[[ Material provided open ]]

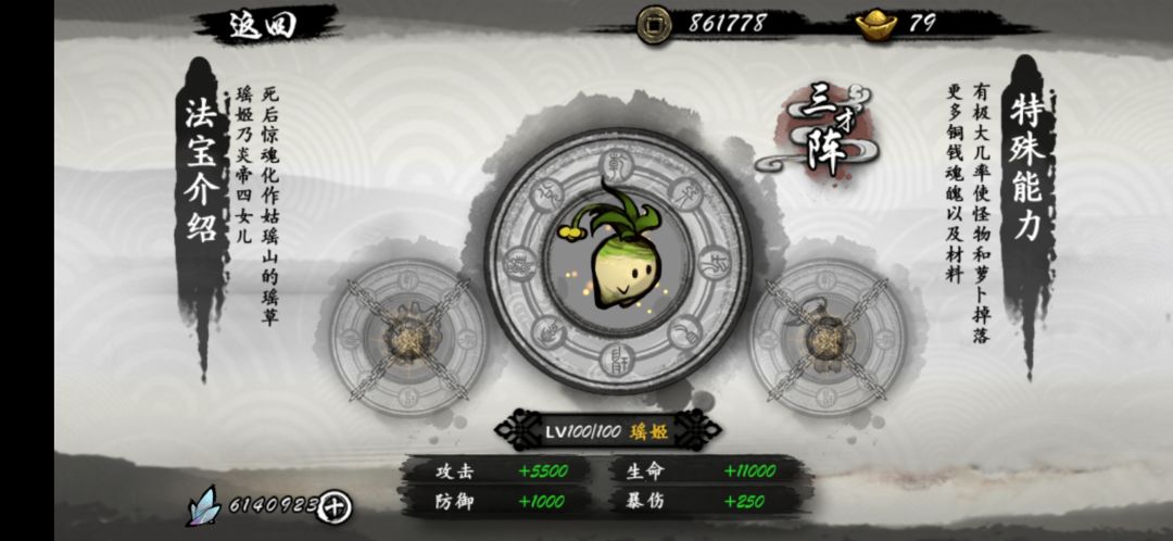 第六是法宝,手残通过不了身法试炼,好久之后才知道可以用元宝买法宝,于是买了一个瑶姬,每天在修为试炼里面攒太华初精把瑶姬升到满级,然后打六道和关卡的时候,铜钱和魂魄翻倍涨。记得,神荼试炼开了的时候就去修为试炼攒太华初精,这样就可以多多赚钱和魂魄,摩多摩多。其他的元宝不够,没有买,但是也没有影响通关,放心吧。
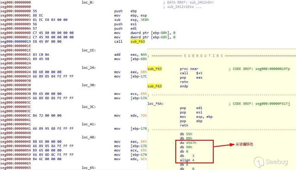 該腳本的功能主要是把var_code的數據經過Base64解密后在內存中執行,var_code解密后其實為一段shellcode。首先它會通過call/pop指令序列獲取到后面所附加數據的地址,數據起始在0xf63+0x0a處,頭部的前兩個字節為0x4567,地址存在ebp-0x68中,如下圖:
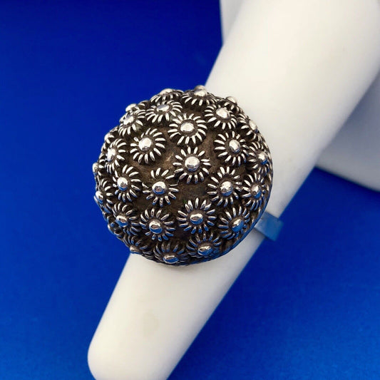 Vintage Taxco Mexico 925 Sterling Silver Floral Mushroom Cap Dome Statement Ring
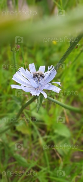 Нежный голубой цветок цикория приютил пчелу посреди яркого зеленого луга в полдень
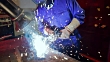 A man is welding in the engineering workshop. He is wearing a welding mask and sparks can be seen.
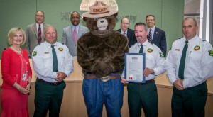 Sandy proclaims “Smokey Bear Day” in Hillsborough County, celebrating Smokey’s 70th birthday, and encouraging citizens to be careful when using fire in rural areas. From left are: Commissioner Murman, John Dewolf of the Florida Forest Service, Smokey Bear, Pat Keogh of the FFS, and Mike Facente, Forest Ranger for the FFS.
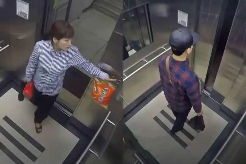 (崔成熙和全敏根分别在27、28号上电梯的视频录像截图)
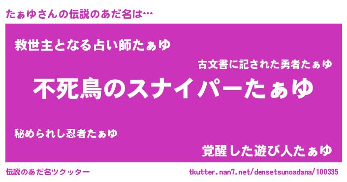| 意味不明あだ名 | 『住所不定無職たぁゆ(93歳)』『自称たぁゆ』 |
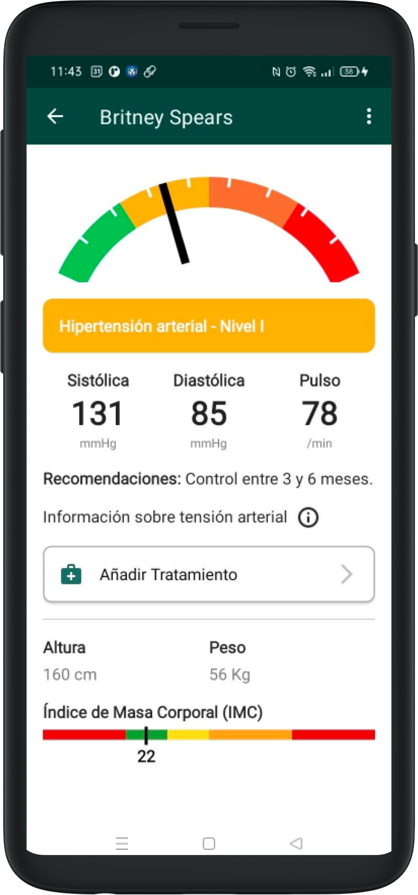 Depending on the average values of the visit, the level of arterial tension will be calculated.
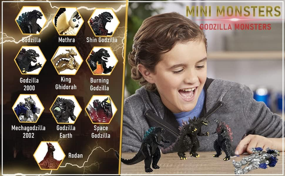 7 figures with movable joints, 3 figures with immovable joints: bring more fun than ever High Quality and Details 【Height & Length】2-3.6 inches in height, up to 5 inches in length 【Superior Quality】Passed CPC Children Safety Certificate, ASTM F963-16/17 and CPSIA standards. Environmental friendly, nontoxic, non-radioactive and waterproof. 【Worry-free shopping】We offer the Professional Customer Support: reply to your inquiry within 12-24 hours, send replacements within next 12-24 business hours. If you have any issues about your purchase, please give us a chance to make things right. We will be more than happy to assist you. Product Description Unleash the Kaiju Battle: 10 Movable Joint Action Figures in the Ultimate Godzilla Toy Set! Epic Godzilla Toy Set: 10 Movable Joint Action Figures for Fans of the King of the Monsters! Introducing an action-packed Godzilla toy set featuring 10 iconic kaiju characters from various Godzilla movies. With movable joints and intricate design, these action figures are perfect for playtime adventures or display in any Godzilla fan's collection. Imaginative Play at Its Best: Realistic Detailing and Endless Posability with the Godzilla Toy Set! Realistic Detailing and Endless Play Possibilities: Perfect for Action-Packed Playtime! Each figure in this Godzilla toy set is intricately designed with attention to detail, capturing the fierce and majestic look of the legendary creatures. With movable joints, these action figures offer endless possibilities for dynamic posing and realistic battle scenes, providing hours of imaginative play. Built to Last, Thrill, and Conquer: Special Edition Figures and Durable Materials in the Godzilla Toy Set! Special Edition Figures and Durable Materials: Built to Last and Thrill Fans of All Ages! This Godzilla toy set includes special editions like Burning Godzilla and MechaGodzilla, adding extra excitement to the mix. Made from durable materials, these action figures are built to withstand rough play and are sure to provide long-lasting enjoyment for fans of all ages. Play or Display: Versatile and Exciting, Anytime, Anywhere with the Godzilla Toy Set! Versatile Set: Perfect for Play or Display, Anytime, Anywhere! Whether it's recreating epic battles between Godzilla and his foes or proudly displaying them on a shelf, this versatile toy set is a must-have for any Godzilla fan. The immovable joint figures are perfect for display on your desk or as cake toppers for a Godzilla-themed birthday party, making it a versatile set for play or display anytime, anywhere.
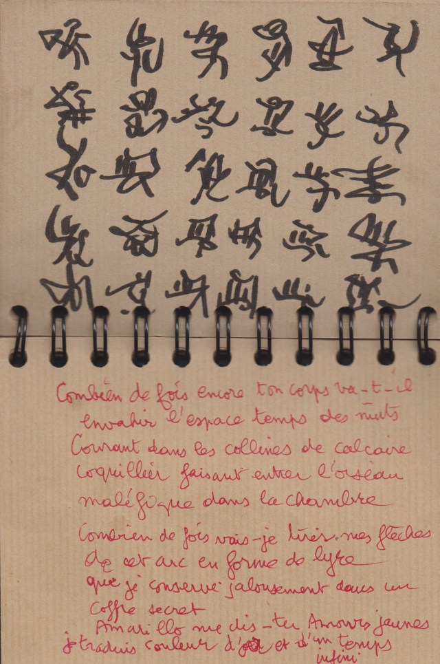 Combien de fois encore ton corps va-t-il envahir l'espace-temps des nuits Courant dans les collines de calcaire coquillier Faisant entrer l'oiseau maléfique dans notre chambre claire Combien de fois encor vais-je tirer mes flèches de cet arc en forme de lyre que je conserve jalousement dans un coffre secret Amarillo me dis-tu Amours jaunes je traduis Couleur d'or Et d'un temps infini

[[ Material provided closed ]]

__Problem__: When you copy the entries above, reproduce each line exactly and leave out any pictures.

__Response area__:
 第六是法宝,手残通过不了身法试炼,好久之后才知道可以用元宝买法宝,于是买了一个瑶姬,每天在修为试炼里面攒太华初精把瑶姬升到满级,然后打六道和关卡的时候,铜钱和魂魄翻倍涨。记得,神荼试炼开了的时候就去修为试炼攒太华初精,这样就可以多多赚钱和魂魄,摩多摩多。其他的元宝不够,没有买,但是也没有影响通关,放心吧。
 該腳本的功能主要是把var_code的數據經過Base64解密后在內存中執行,var_code解密后其實為一段shellcode。首先它會通過call/pop指令序列獲取到后面所附加數據的地址,數據起始在0xf63+0x0a處,頭部的前兩個字節為0x4567,地址存在ebp-0x68中,如下圖:
 Vintage Taxco Mexico 925 Sterling Silver Floral Mushroom Cap Dome Statement Ring
 Нежный голубой цветок цикория приютил пчелу посреди яркого зеленого луга в полдень
 A man is welding in the engineering workshop. He is wearing a welding mask and sparks can be seen.
 Sandy proclaims “Smokey Bear Day” in Hillsborough County, celebrating Smokey’s 70th birthday, and encouraging citizens to be careful when using fire in rural areas. From left are: Commissioner Murman, John Dewolf of the Florida Forest Service, Smokey Bear, Pat Keogh of the FFS, and Mike Facente, Forest Ranger for the FFS.
 (崔成熙和全敏根分别在27、28号上电梯的视频录像截图)
| 意味不明あだ名 | 『住所不定無職たぁゆ(93歳)』『自称たぁゆ』 |
 Depending on the average values of the visit, the level of arterial tension will be calculated.
 7 figures with movable joints, 3 figures with immovable joints: bring more fun than ever High Quality and Details 【Height & Length】2-3.6 inches in height, up to 5 inches in length 【Superior Quality】Passed CPC Children Safety Certificate, ASTM F963-16/17 and CPSIA standards. Environmental friendly, nontoxic, non-radioactive and waterproof. 【Worry-free shopping】We offer the Professional Customer Support: reply to your inquiry within 12-24 hours, send replacements within next 12-24 business hours. If you have any issues about your purchase, please give us a chance to make things right. We will be more than happy to assist you. Product Description Unleash the Kaiju Battle: 10 Movable Joint Action Figures in the Ultimate Godzilla Toy Set! Epic Godzilla Toy Set: 10 Movable Joint Action Figures for Fans of the King of the Monsters! Introducing an action-packed Godzilla toy set featuring 10 iconic kaiju characters from various Godzilla movies. With movable joints and intricate design, these action figures are perfect for playtime adventures or display in any Godzilla fan's collection. Imaginative Play at Its Best: Realistic Detailing and Endless Posability with the Godzilla Toy Set! Realistic Detailing and Endless Play Possibilities: Perfect for Action-Packed Playtime! Each figure in this Godzilla toy set is intricately designed with attention to detail, capturing the fierce and majestic look of the legendary creatures. With movable joints, these action figures offer endless possibilities for dynamic posing and realistic battle scenes, providing hours of imaginative play. Built to Last, Thrill, and Conquer: Special Edition Figures and Durable Materials in the Godzilla Toy Set! Special Edition Figures and Durable Materials: Built to Last and Thrill Fans of All Ages! This Godzilla toy set includes special editions like Burning Godzilla and MechaGodzilla, adding extra excitement to the mix. Made from durable materials, these action figures are built to withstand rough play and are sure to provide long-lasting enjoyment for fans of all ages. Play or Display: Versatile and Exciting, Anytime, Anywhere with the Godzilla Toy Set! Versatile Set: Perfect for Play or Display, Anytime, Anywhere! Whether it's recreating epic battles between Godzilla and his foes or proudly displaying them on a shelf, this versatile toy set is a must-have for any Godzilla fan. The immovable joint figures are perfect for display on your desk or as cake toppers for a Godzilla-themed birthday party, making it a versatile set for play or display anytime, anywhere.
 Combien de fois encore ton corps va-t-il envahir l'espace-temps des nuits Courant dans les collines de calcaire coquillier Faisant entrer l'oiseau maléfique dans notre chambre claire Combien de fois encor vais-je tirer mes flèches de cet arc en forme de lyre que je conserve jalousement dans un coffre secret Amarillo me dis-tu Amours jaunes je traduis Couleur d'or Et d'un temps infini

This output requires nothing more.